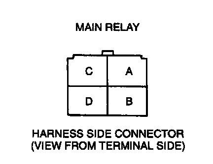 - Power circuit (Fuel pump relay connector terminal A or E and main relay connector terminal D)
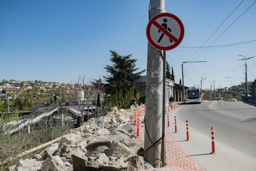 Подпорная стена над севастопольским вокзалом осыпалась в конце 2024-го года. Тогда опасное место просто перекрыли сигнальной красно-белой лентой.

==

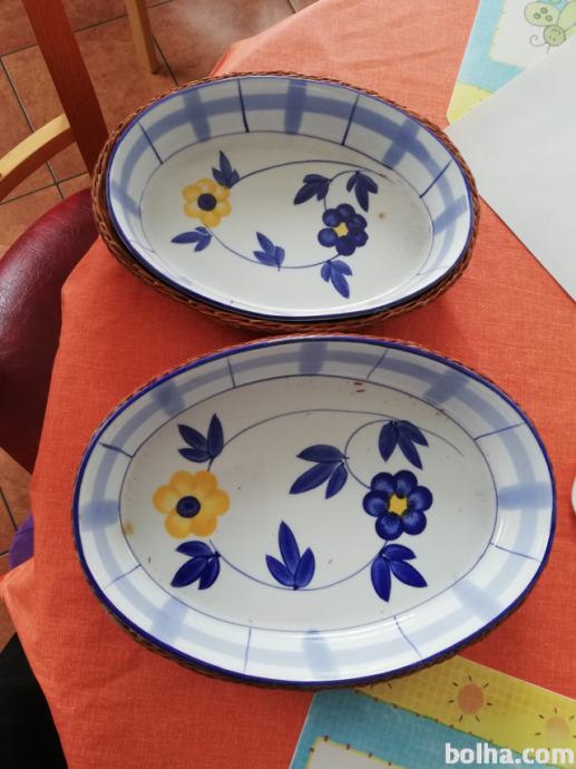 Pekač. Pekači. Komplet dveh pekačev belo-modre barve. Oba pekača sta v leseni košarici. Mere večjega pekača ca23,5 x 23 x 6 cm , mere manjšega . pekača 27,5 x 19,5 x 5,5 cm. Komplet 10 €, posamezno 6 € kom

* **TRY IT**: Beginning at the line above that contains "- Power circuit", repeat each line exactly through the one that contains "Подпорная стена над", and leave out the pictures.

* **ANSWER BOX**:
 - Power circuit (Fuel pump relay connector terminal A or E and main relay connector terminal D)
 Подпорная стена над севастопольским вокзалом осыпалась в конце 2024-го года. Тогда опасное место просто перекрыли сигнальной красно-белой лентой.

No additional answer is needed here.